** Task requirements **
From the data below, return only the lines from the one with "在稻田和河道之间,是被香樟树" through the one with "Asahan | Dalam", exact and inclusive, with pictures left out.

** Information **
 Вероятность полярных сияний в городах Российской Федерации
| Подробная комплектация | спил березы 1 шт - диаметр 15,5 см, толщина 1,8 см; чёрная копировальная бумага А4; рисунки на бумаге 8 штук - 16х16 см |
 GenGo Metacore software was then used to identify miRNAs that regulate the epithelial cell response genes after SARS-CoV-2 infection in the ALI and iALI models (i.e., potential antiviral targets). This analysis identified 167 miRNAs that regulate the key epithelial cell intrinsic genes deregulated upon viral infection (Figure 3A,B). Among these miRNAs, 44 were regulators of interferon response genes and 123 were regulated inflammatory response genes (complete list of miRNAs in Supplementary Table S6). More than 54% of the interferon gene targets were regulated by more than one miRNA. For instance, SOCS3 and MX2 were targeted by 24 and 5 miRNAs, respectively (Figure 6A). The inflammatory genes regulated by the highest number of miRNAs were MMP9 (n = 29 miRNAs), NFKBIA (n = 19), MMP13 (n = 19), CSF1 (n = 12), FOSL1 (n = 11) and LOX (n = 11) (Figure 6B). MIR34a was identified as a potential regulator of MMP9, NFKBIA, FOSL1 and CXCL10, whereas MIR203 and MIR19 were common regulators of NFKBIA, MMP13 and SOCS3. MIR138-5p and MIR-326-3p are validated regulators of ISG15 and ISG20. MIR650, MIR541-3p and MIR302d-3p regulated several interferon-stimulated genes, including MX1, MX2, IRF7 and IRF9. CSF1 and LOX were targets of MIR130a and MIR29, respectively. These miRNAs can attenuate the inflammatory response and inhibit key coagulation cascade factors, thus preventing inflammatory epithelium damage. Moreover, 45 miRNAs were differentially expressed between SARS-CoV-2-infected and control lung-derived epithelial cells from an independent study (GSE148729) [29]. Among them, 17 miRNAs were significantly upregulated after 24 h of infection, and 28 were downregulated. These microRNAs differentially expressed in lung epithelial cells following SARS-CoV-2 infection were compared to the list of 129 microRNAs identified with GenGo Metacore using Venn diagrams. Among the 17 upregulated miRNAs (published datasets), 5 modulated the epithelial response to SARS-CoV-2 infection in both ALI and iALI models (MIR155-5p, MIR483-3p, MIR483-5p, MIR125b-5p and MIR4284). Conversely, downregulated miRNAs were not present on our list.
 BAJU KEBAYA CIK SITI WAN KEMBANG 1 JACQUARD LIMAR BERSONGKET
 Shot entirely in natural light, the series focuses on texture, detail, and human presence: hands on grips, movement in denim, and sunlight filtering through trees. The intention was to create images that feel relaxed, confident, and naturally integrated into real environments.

==

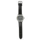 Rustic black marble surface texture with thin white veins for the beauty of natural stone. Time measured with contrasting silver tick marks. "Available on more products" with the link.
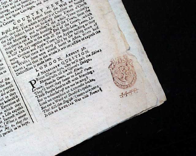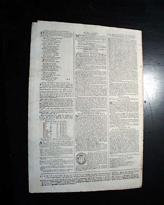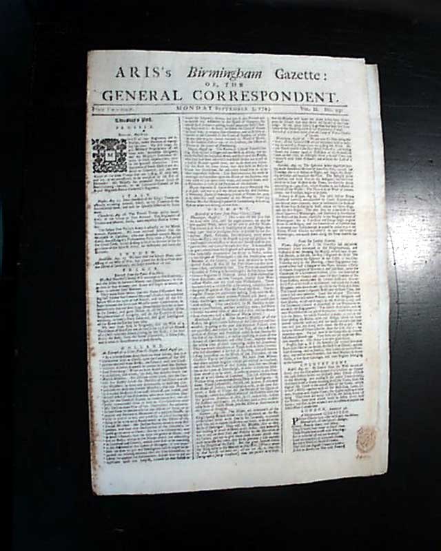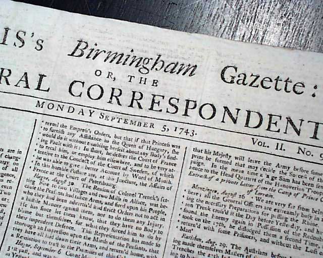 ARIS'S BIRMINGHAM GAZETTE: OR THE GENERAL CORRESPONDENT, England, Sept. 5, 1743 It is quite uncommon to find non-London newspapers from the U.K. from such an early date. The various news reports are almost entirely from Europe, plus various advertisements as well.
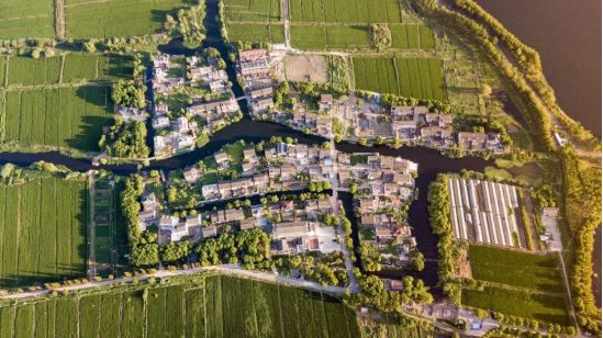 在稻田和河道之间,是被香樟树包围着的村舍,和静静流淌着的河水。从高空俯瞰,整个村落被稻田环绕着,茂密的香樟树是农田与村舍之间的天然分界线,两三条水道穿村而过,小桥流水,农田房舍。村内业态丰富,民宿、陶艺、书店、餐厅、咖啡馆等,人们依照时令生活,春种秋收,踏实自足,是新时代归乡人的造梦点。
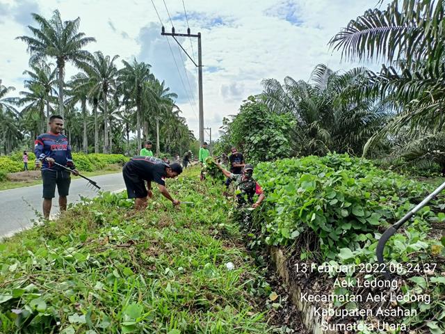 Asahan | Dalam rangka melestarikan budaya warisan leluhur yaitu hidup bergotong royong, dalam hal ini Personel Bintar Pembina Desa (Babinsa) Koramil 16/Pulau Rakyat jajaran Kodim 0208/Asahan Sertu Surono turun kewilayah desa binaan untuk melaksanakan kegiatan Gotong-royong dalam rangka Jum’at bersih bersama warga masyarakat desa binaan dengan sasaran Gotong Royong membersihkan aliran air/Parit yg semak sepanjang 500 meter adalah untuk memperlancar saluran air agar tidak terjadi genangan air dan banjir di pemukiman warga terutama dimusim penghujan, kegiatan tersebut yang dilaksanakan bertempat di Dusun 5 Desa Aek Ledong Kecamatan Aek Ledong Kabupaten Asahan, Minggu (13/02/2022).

==

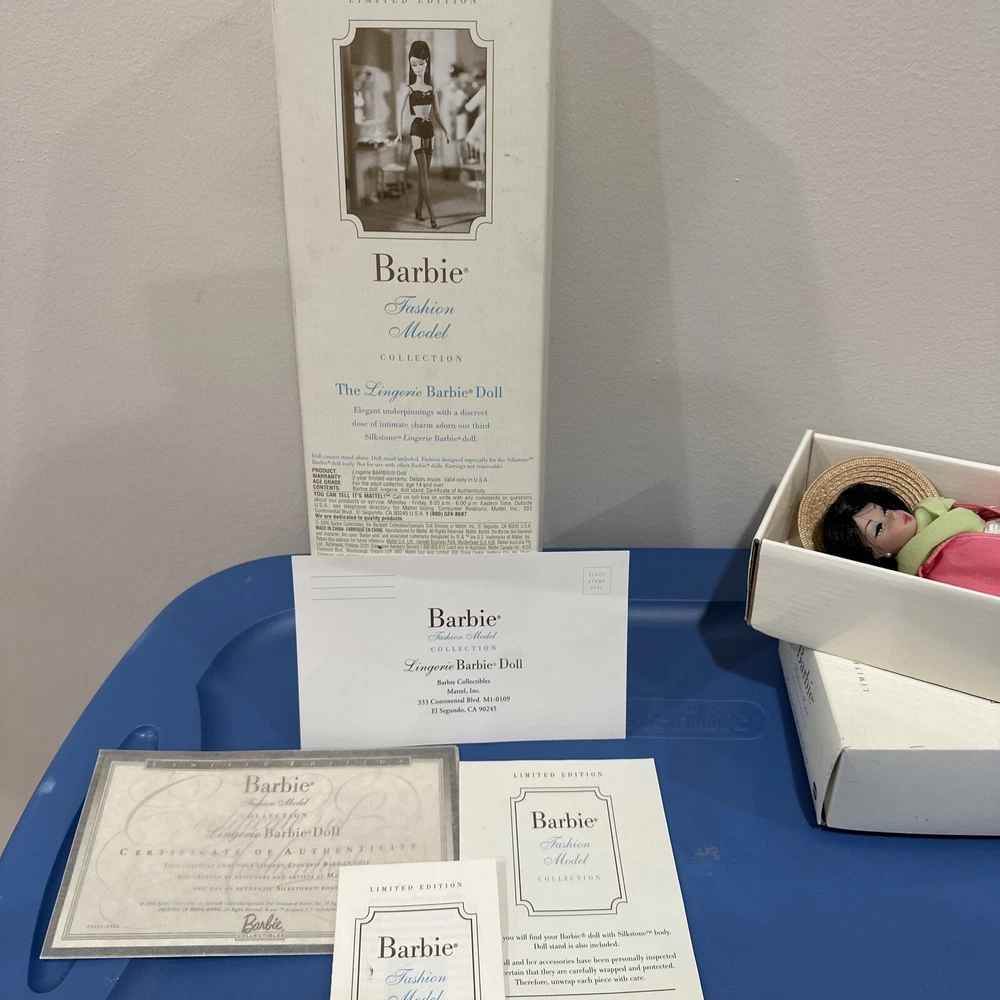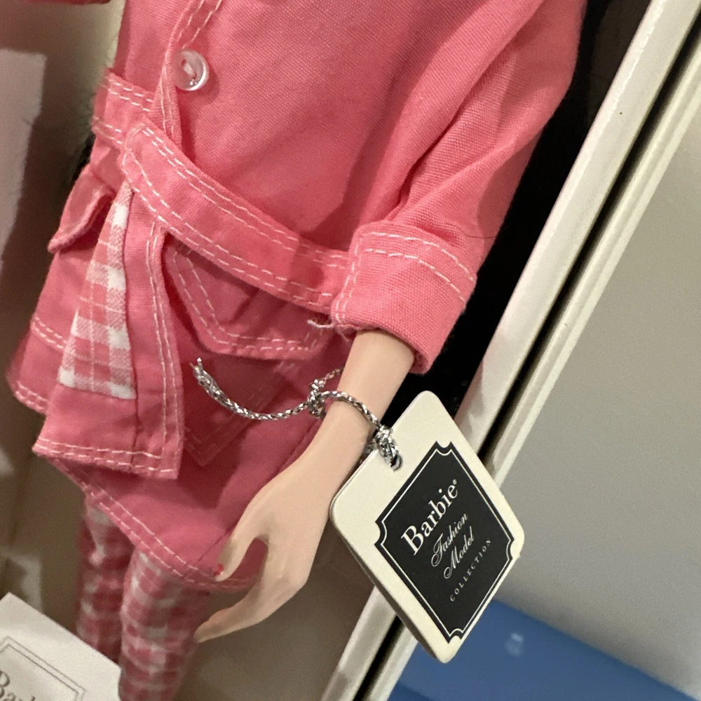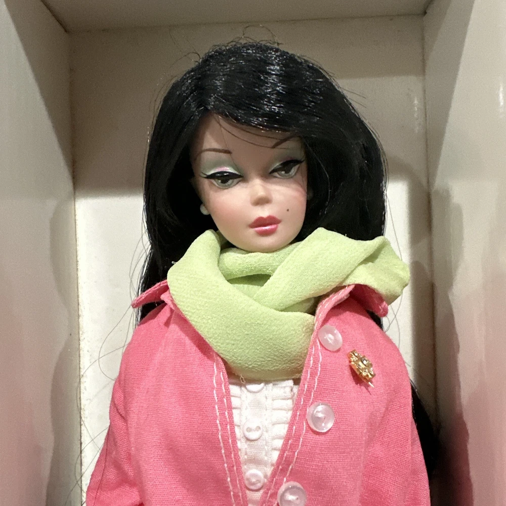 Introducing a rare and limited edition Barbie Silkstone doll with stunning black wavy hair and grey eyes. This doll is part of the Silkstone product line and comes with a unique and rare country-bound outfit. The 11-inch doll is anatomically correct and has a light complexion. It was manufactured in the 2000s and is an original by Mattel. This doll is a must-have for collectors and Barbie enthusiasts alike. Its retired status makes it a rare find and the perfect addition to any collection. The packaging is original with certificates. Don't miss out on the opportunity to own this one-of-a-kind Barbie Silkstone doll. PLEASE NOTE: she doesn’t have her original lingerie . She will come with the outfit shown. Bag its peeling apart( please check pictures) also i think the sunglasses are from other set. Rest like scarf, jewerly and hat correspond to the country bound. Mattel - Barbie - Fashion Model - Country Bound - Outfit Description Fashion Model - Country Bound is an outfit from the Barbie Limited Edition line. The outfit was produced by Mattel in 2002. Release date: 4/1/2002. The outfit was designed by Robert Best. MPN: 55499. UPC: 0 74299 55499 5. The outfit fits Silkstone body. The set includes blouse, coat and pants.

** Exercise solution **
 在稻田和河道之间,是被香樟树包围着的村舍,和静静流淌着的河水。从高空俯瞰,整个村落被稻田环绕着,茂密的香樟树是农田与村舍之间的天然分界线,两三条水道穿村而过,小桥流水,农田房舍。村内业态丰富,民宿、陶艺、书店、餐厅、咖啡馆等,人们依照时令生活,春种秋收,踏实自足,是新时代归乡人的造梦点。
 Asahan | Dalam rangka melestarikan budaya warisan leluhur yaitu hidup bergotong royong, dalam hal ini Personel Bintar Pembina Desa (Babinsa) Koramil 16/Pulau Rakyat jajaran Kodim 0208/Asahan Sertu Surono turun kewilayah desa binaan untuk melaksanakan kegiatan Gotong-royong dalam rangka Jum’at bersih bersama warga masyarakat desa binaan dengan sasaran Gotong Royong membersihkan aliran air/Parit yg semak sepanjang 500 meter adalah untuk memperlancar saluran air agar tidak terjadi genangan air dan banjir di pemukiman warga terutama dimusim penghujan, kegiatan tersebut yang dilaksanakan bertempat di Dusun 5 Desa Aek Ledong Kecamatan Aek Ledong Kabupaten Asahan, Minggu (13/02/2022).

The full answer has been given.